Ava Publishes Peer-Reviewed Clinical Paper
When it comes to female reproductive health—and specifically, the menstrual cycle—there’s a dearth of research and scientific understanding. Ava is proud to announce the publication of a peer-reviewed clinical paper that sheds unprecedented light on this issue.
This study sought to understand what phase-based differences (meaning, physical changes across different phases of the menstrual cycle) a wearable bracelet could detect in users’ wrist-skin temperature, heart rate, HRV, respiratory rate, and skin perfusion. Using insights from artificial intelligence and machine learning, the study then examined whether an algorithm could accurately identify the fertile window in real-time.
What we wanted to see from this study is if wearable sensor technology could help women track physiological changes across their menstrual cycles, and whether this method could fill the present gap between expensive ovulation detection (like sonograms) and free, less-precise fertile window approximation (like traditional BBT measurements).
This study represents the first of its kind to research multiple physiological changes concurrently across the menstrual cycle. And drawing on insight from artificial intelligence and machine learning, the study revealed that the Ava algorithm could detect the 5 most fertile days in real-time.
Phases of the menstrual cycle
In keeping with previous research, we divided the menstrual cycle into the following 5 phases:
- menstruation, starting with the first day of the period and lasting 5 days
- the follicular phase, starting on the first-day post menses and lasting through 6 days before ovulation (OV –6)
- the fertile window, starting 5 days before ovulation and lasting through ovulation (OV –5 to OV)
- the early luteal phase, starting 1 day after ovulation through a week after ovulation (OV+1 to OV+7)
- the late luteal phase, starting 8 days after ovulation (OV+8) and lasting through the day before the onset of menses
Study set up
To conduct this prospective longitudinal study, we recruited 237 conception-seeking Swiss women. All participants wore the Ava bracelet nightly while sleeping. They continued in the study for up to a year—or until they became pregnant. In addition to syncing the device to the Ava app daily, women also recorded their activities in the past 24 hours. Finally, women took a urinary luteinizing hormone test at several points in a given cycle to determine the close of the fertile window. The study showed that there were changes in physiological signals during different phases of the menstrual cycle and then trained a machine learning algorithm to recognize the fertile window.

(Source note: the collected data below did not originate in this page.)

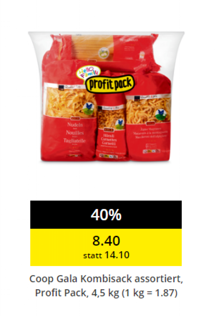 Assortierte Teigwaren 4.5kg für CHF 8.40
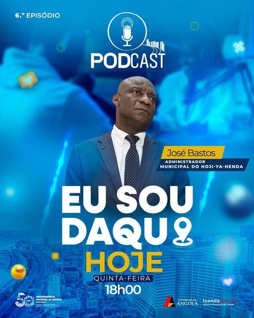 O Governo Provincial de Luanda, através do seu Gabinete de Comunicação Social, convida o público em geral a acompanhar o sexto episódio da segunda temporada do podcast “EU SOU DAQUI”, a ser transmitido hoje, 23 de Outubro.
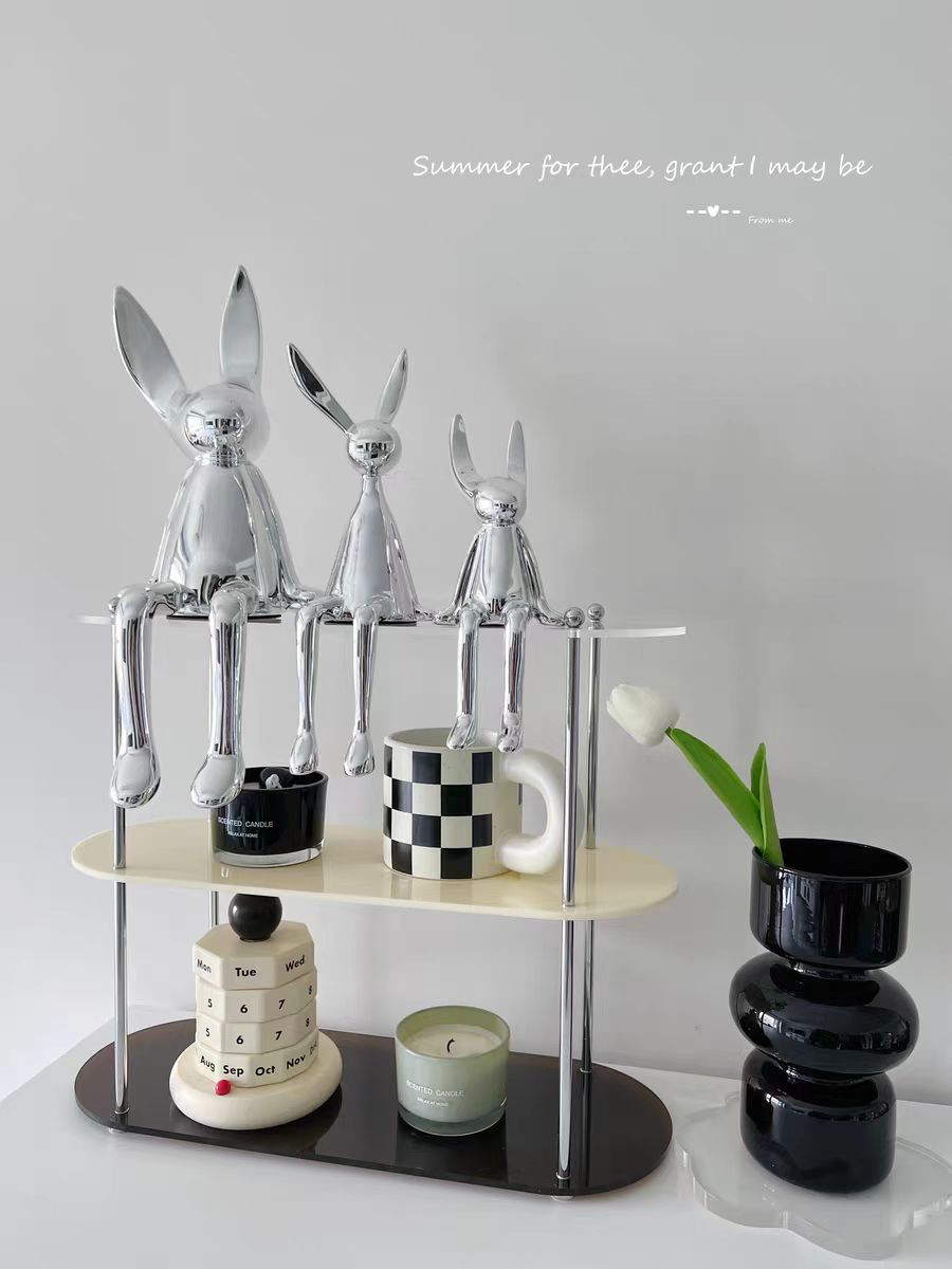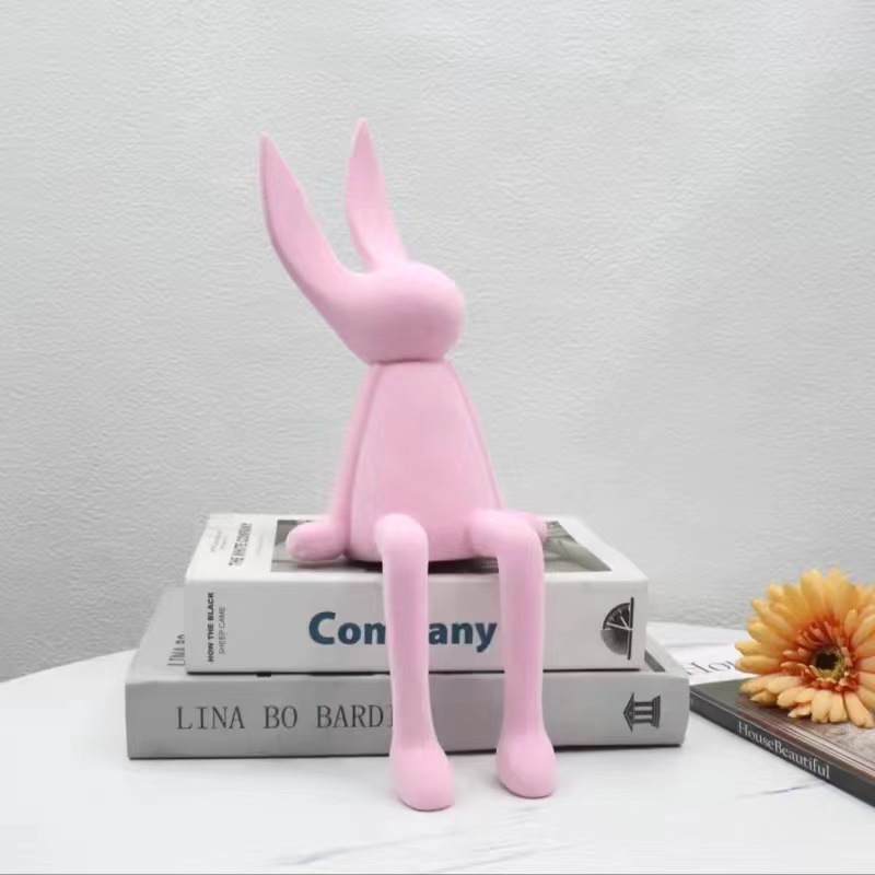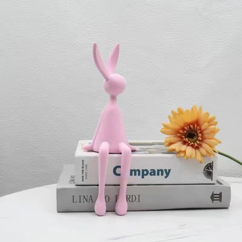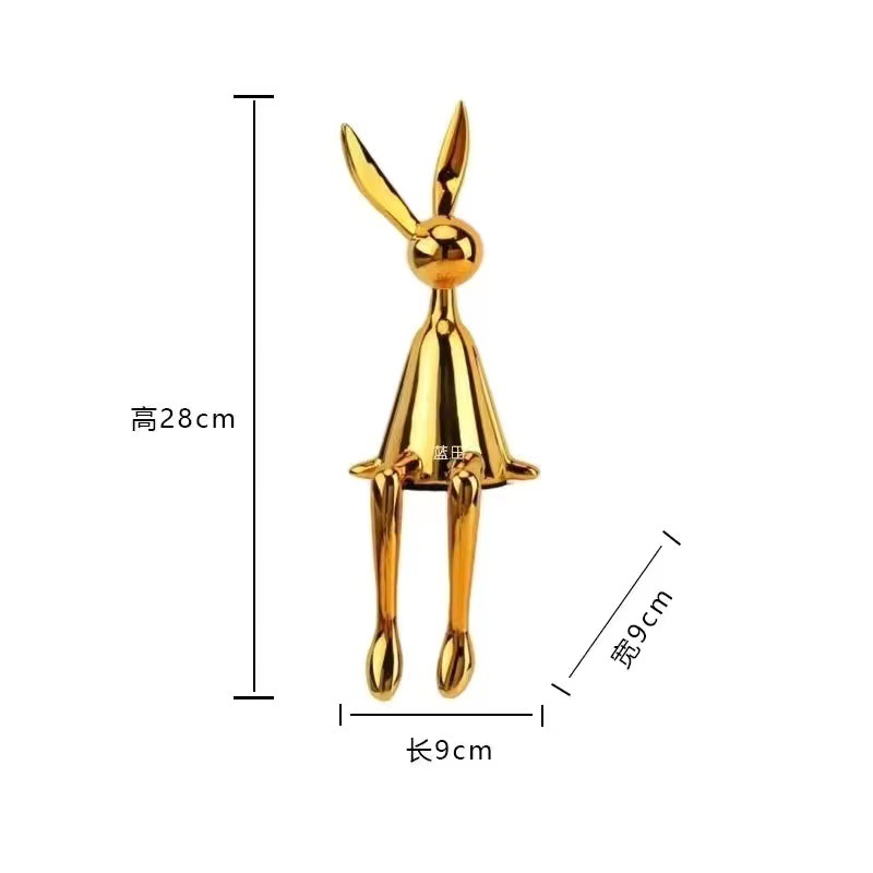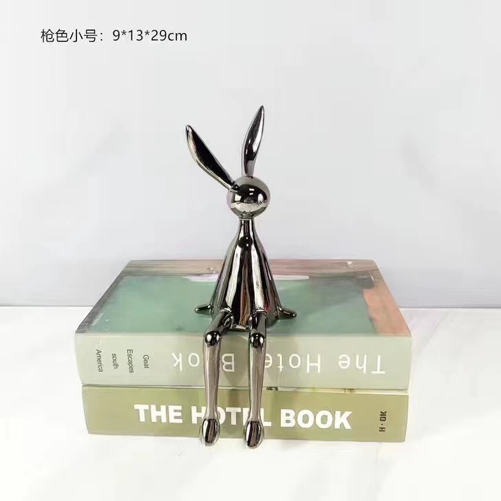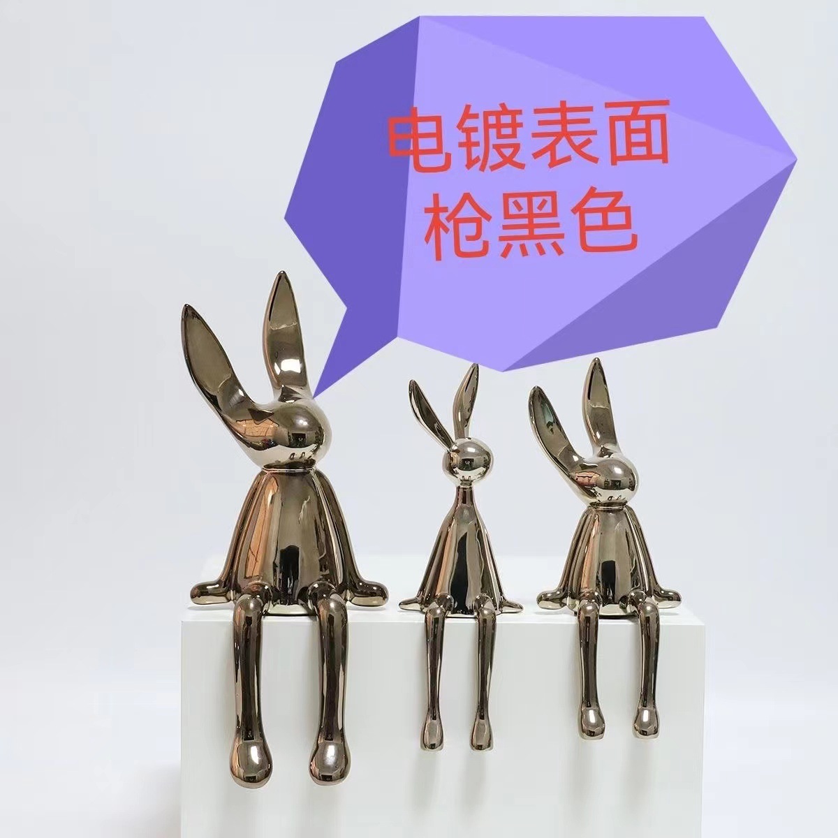 간단한 빛 럭셔리 창조적 인 전기 도금 실버 골드 블루 앉아 동물 토끼 장식품 수지 홈 부드러운 장식 공예

After analyzing the clinical data, we observed significant changes in physiological signals, as captured by the wearable device across the menstrual cycle. Changes in the following physical signs were found:
- Wrist Skin Temperature
- Heart Rate
- Heart Rate Variability
- Respiratory Rate
- Skin Perfusion
What do these findings mean in a broader sense?
What is so exciting about this paper is that it reveals an important truth about the menstrual cycle: temperature is not the only thing that changes during the different phases of the cycle. In fact, we see changes in 5 different signals throughout the cycle, and by tracking those parameters simultaneously, we can detect when a woman is fertile. Until now, what was understood about the menstrual cycle was that only 1 signal—temperature—that changed.
But we found that 4 other physiological signals also change and that tracking all 5 of these signals together allows us to detect the fertile window in real time. No other product tracks all 5 of these signals. We are proud to publish these findings in a peer-reviewed journal, both because it proves that Ava’s novel, multi-parameter fertility tracking algorithm is capable of detecting the fertile window with 89% accuracy (confidence interval 0.89 – 0.92) and because it expands scientific understanding of women’s health.
Why is Ava publishing this study?
Ava’s vision as a company is that we become a long-term companion for women, giving them scientific and data-driven insights across all stages of their reproductive lives. We aim to do so through clinical research and Artificial Intelligence. In the past, medical researchers have thought of women’s bodies as unruly, complicated, or mysterious—and this is part of the reason why we still don’t fully understand menstrual hormones and how they impact women’s health.
Our vision is a big part of why we published our paper. And in publishing, not only have we gotten the proof that our algorithm works, but we have also improved the understanding of women’s bodies for all.